Este Blog faz parte de um programa de formação a distância de educadores, com suas experiências relativas à leitura e à escrita. Sintam-se convidados para fazerem comentários.
terça-feira, 4 de junho de 2013
Experiências de Leitura por Sônia Regina
O professor e crítico literário Antônio Cândido afirma que a leitura/literatura torna o homem mais rico: ela exercita-lhe a reflexão, dá-lhe saber, boa disposição para o próximo. Desenvolve no ser humano “a capacidade de penetrar nos problemas da vida, o senso da beleza, a percepção da complexidade do mundo e dos seres, o cultivo do humor”. Será que alguém já pensou em uma habilidade mais rica que essa?
Desde criança (faz tanto tempo...rsrs), sempre tive contato com os livros por incentivo de minha mãe que dizia sonhar em ser professora quando pequena. Lia tudo o que chegasse às minhas mãos.
Cresci e escolhi a profissão pensando em provocar a reflexão em meus alunos de forma a vê-los em ação questionando, inquirindo, tendo sua curiosidade despertada; desenvolver seu senso, para que possam ser cidadãos completos de forma a fazer bom uso das palavras bem como de seu entendimento. Faço o possível para que isso aconteça e fico feliz ao reencontrá-los, geralmente já crescidos e formados, comentando quanto foi importante meu incentivo para lerem e que isso serviu para que o mundo lhes abrisse as portas...

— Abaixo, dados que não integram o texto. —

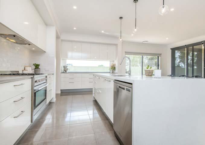 The stylish and light filled open plan kitchen, dining and living area is the heart of the home. The kitchen is equipped with waterfall stone benchtops, 900mm gas cooktop, stainless steel oven, dishwasher and large butlers pantry with ample cupboard space.
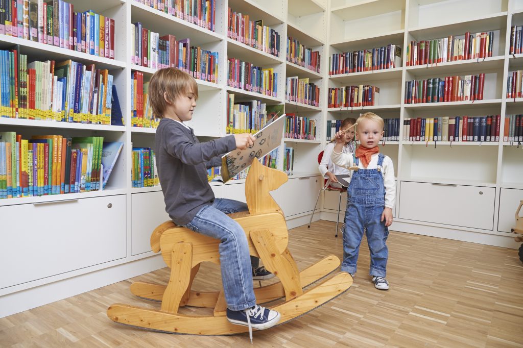 In der Bücherei im Erdgeschoss warten über 2.500 Bücher, Hörbücher, Spiele und Malsachen auf große und kleine Leseratten. Das Angebot ist kostenlos und wird komplett ehrenamtlich betreut – meist vormittags und nachmittags von Montag bis Samstag.
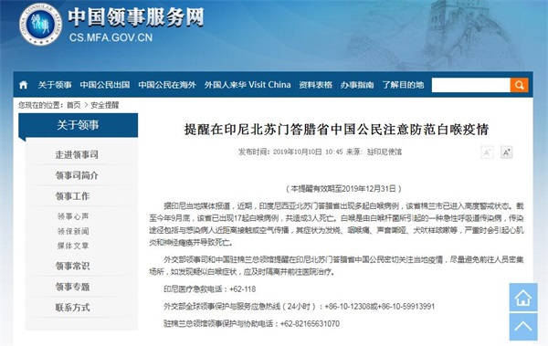 印尼現白喉疫情致3人死亡,外交部提醒防範_
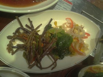 里面面积还可以,但空调暖气不足,坐住了有点凉。大冷天的实在是冻的缩手缩脚。里面装饰的比较有韩国的特色。我们去的比较早,因此,去的时候没几桌客人,但或许是过年期间服务员都回家过年了吧,人手有点不够,说好几遍也没杯子给我们拿来。小菜也给的挺多,但是不是该先上小菜吗,我们肉都开始烤上了,才把小菜陆陆续续给端来。桌子上的空间一下子就紧张了起来。南瓜粥吃完还可以在要,但第二次只给了两碗。此处不能刷卡。 烤肉什么的还好,朋友要了一个三文鱼刺身,一端上看那个颜色就不新鲜!怎么能是那么个颜色呢!…查看更多
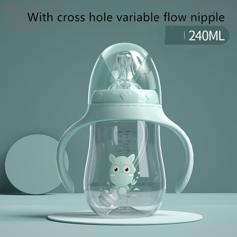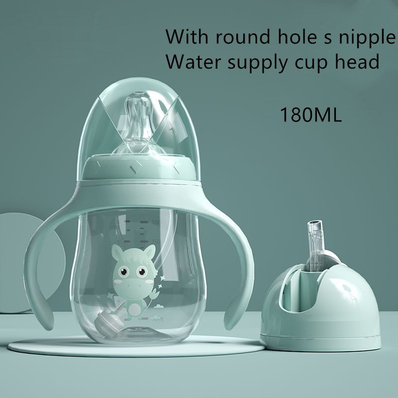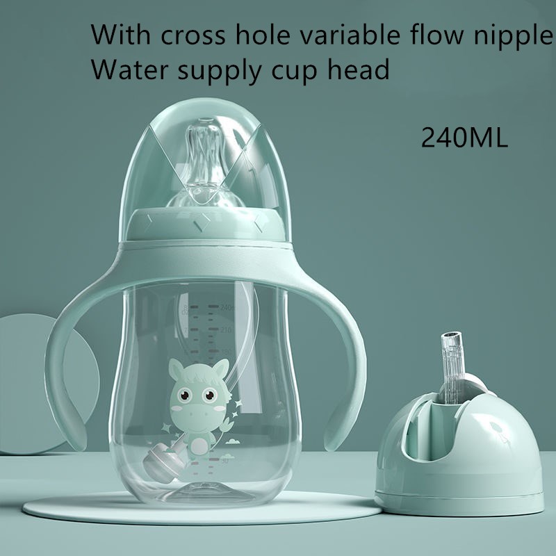 Baby wide caliber baby bottle, baby water cup, straw cup, double purpose baby bottle, plastic drop proof and choke proof cup
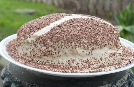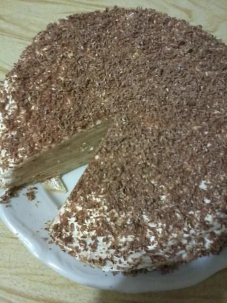 ШАГ 4 Нанесите крем между каждым слоем блинов. Поставьте торт в холодильник на час. Через час оставшийся крем нанесите поверх торта, сверху натрите шоколад и поставьте готовый торт в холодильник на 2 часа.
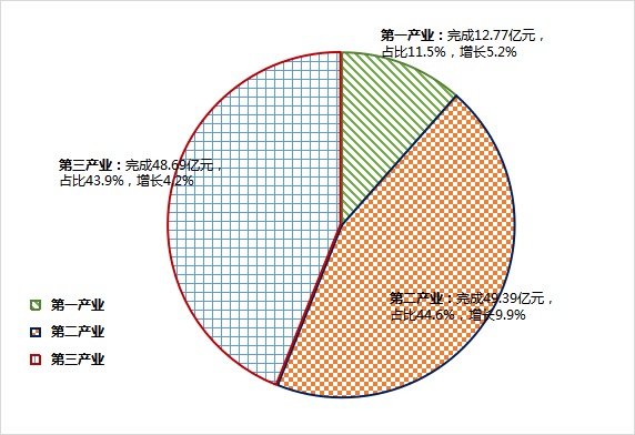 分产业看,第一产业增加值12.77亿元,增长5.2%;第二产业增加值49.39亿元,增长9.9%;第三产业增加值48.69亿元,增长4.2%。三次产业增加值占GDP的比重分别为11.5%、44.6%、43.9%。

Minha casa sempre teve livros. Lia muitas histórias para meus filhos e acredito que isso colaborou para que eles tivessem facilidade também para ler e escrever. Entretanto, uma experiência não tão agradável com a leitura na escola e que serviu de alerta para que não fosse repetida aconteceu quando eu estava na 6ª série (com + ou - 12 anos), e o professor de Português exigiu que lêssemos Dom Casmurro. Lembro que eu não entendia nada, lia, lia e nada. O vocabulário era difícil, os fatos não eram interessantes e a tarefa, para mim e todos os meus colegas, era chatíssima. Enfim, o problema maior é que o professor não ajudava; ele não comentava nada sobre o livro e, quando perguntávamos ou reclamávamos, ele nem ligava e somente dizia: leiam, pois vocês vão fazer uma prova sobre o livro (hoje imagino esse professor como o próprio Dom Casmurro).
Não me lembro da nota, só sei que não fui bem e, o pior, até hoje não gosto -como deveria- dos livros de Machado de Assis (é claro que sei de todas as suas qualidades, porém acho que a culpa é do professor Bartolomeu). Por isso, antes de sugerir um título, leio a obra, faço comentários sobre ela, conto alguns detalhes a fim de incentivá-los. Acho que é uma das maneiras de despertar cada um para a "magia da leitura".